I left the flat and, after locking up, went down the stairs as though fire was chasing my arse. Funny how I hadn’t wanted to leave the building earlier, how my moods went haywire without warning. Now I was on my way I couldn’t wait to get outside, to feel the cool autumn nip of the air and let the wind blow away all those wankerish cobwebs that had clung to me since Gareth had ditched me. Before I could escape to my freedom, though, the door of the downstairs flat to my left opened, and Ronnie stood there. In just a towel. Which clung to his hips. The bloke who was just a mate. The one I wanted to be so much more.
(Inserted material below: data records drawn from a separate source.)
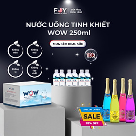 MUA 3 THÙNG TẶNG 3 THÙNG Nhà sản xuất: FOY VIET NAM Dòng sản phẩm: Nước tinh khiết WOW 2024 250ml – Thùng 24 chai WOW không chỉ là nước uống mà còn là một tác phẩm nghệ thuật tinh tế của sự hoàn hảo và đẳng cấp. Nước tinh khiết WOW được sản xuất thông qua quy trình lọc khắt khe và công nghệ hiện đại từ Mỹ, tạo nên một sản phẩm vô cùng cao cấp, độc đáo và mang tên gọi WOW. Nguồn nước được xử lý qua từng giai đoạn thô từ các bộ lọc tinh khác nhau, từ Filter lọc than đá sỏi đến Softener làm mềm nước. Sau đó, nước được lọc qua hệ thống RO để loại bỏ tất cả các tạp chất. Quy trình lọc hiện đại của Mỹ đã cho ra nguồn nước tinh khiết với chỉ số TDS: 0.00 - 0.05 Quy trình đóng chai tự động và khép kín giúp nước thành phẩm trước khi đóng chai được xử lý bằng đèn UV và ozone, đảm bảo diệt khuẩn, loại bỏ 100% tạp chất và khử mùi tuyệt đối. ĐẶC ĐIỂM NỔI BẬT của WOW: Nước tinh khiết 100%, không màu, không mùi, không chứa tạp chất, vi khuẩn, virus. Đóng gói tiện lợi trong thùng 24 chai, giúp bảo quản và sử dụng dễ dàng. Thiết kế chai sang trọng, thon gọn, cứng cáp, dễ mang theo. WOW - Mỗi giọt nước là một hòa âm tinh tế của tự nhiên, mang lại trải nghiệm nước uống hoàn hảo. Từng giọt là sự kết hợp tinh tế giữa thiên nhiên và công nghệ hiện đại. Hãy khám phá sự khác biệt và đẳng cấp cùng WOW - Nước tinh khiết cao cấp từ FOY VIET NAM! FOY VIET NAM - FOUNTAIN OF YOUTH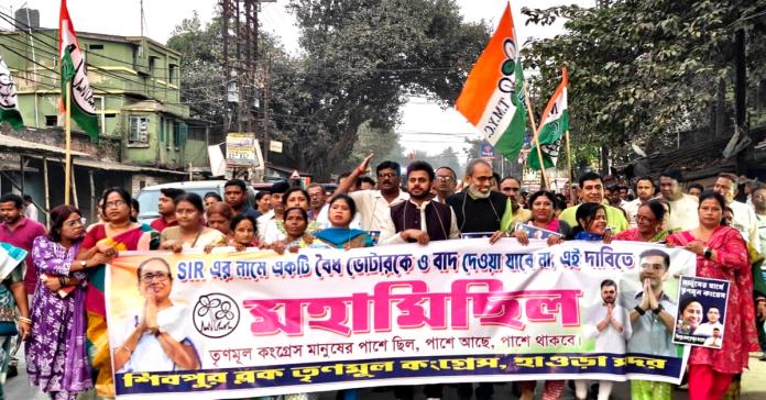 SIR প্রক্রিয়ায় যাতে একটিও বৈধ ভোটার বাদ না যান, সেই দাবিকে কেন্দ্র করে এবং SIR নিয়ে বিজেপির “চক্রান্ত”-এর বিরুদ্ধে সরব হয়ে শিবপুর ব্লক তৃণমূল কংগ্রেসের উদ্যোগে আয়োজিত হল প্রতিবাদ মিছিল ও পথসভা। শিবপুরের মাননীয় বিধায়ক তথা ক্রীড়া ও যুব কল্যাণ প্রতিমন্ত্রী মনোজ তিওয়ারির আহ্বানে বুধবার দাশনগর পেট্রোল পাম্প থেকে বালিটিকুরি মুক্তারাম দে হাই স্কুল পর্যন্ত মিছিল অনুষ্ঠিত হয়।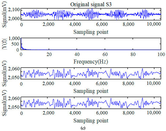 Different weak signals processed by HHT and lowpass filtering method. (a) HHT and lowpass filtering method for wire rope signal S1; (b) HHT and lowpass filtering method for wire rope signal S2; (c) HHT and lowpass filtering method for wire rope signal S3.

Not for the first time, I wondered what his dick was like, hidden beneath the white terry toweling. I’d had a hankering for him for a while now but realized long ago that he wasn’t interested in me. Okay, I’d been seeing Gareth for six months, plus there had been my two months of getting over him, so maybe Ronnie had kept his distance, but still, I didn’t think I was on his radar in the slightest. He’d been nothing but matey toward me, offering to get some shopping in or bringing my mail up so I didn’t have to leave my flat other than to go to work.
I’d been half in love with him the moment he’d moved in.
“Hi,” I said, conscious that time had passed since he’d appeared in his doorway and I’d been staring at his abdomen for longer than was polite. “Nice stones.” I nodded at his midsection then, mortified I’d said that out loud, scrabbled through the mush my mind had become to find something to say to cover my mistake.
Ronnie looked down at himself. “Sorry, I wasn’t aware my stones were on display.” He laughed and smoothed his hands over the towel. “Nope, all covered up.”
Stones. Balls. Fucking hell. Could I have said anything worse?
“Shit,” I said. “I meant…your cobblestones.” Why did I always say the wrong thing around him? Why did I always sound such a dick?
He stared at me, eyebrows raised.
Sexy bastard.
“Cobblestones?” he asked.
“You know.” I nodded at his six pack again, praying I could act like a normal bloke and not one who was desperate to become more than friends with him. “Your pecs. I’d like to peck your pecs.”
What the hell is wrong with me?
“Would you now,” Ronnie said. “That’s nice.”
Heat flooded my face. I was doing a damn fine job of putting him off me and wished I could rewind, zip upstairs then come back out and start this conversation again.
“I wanted to ask you something.” He stared me up and down.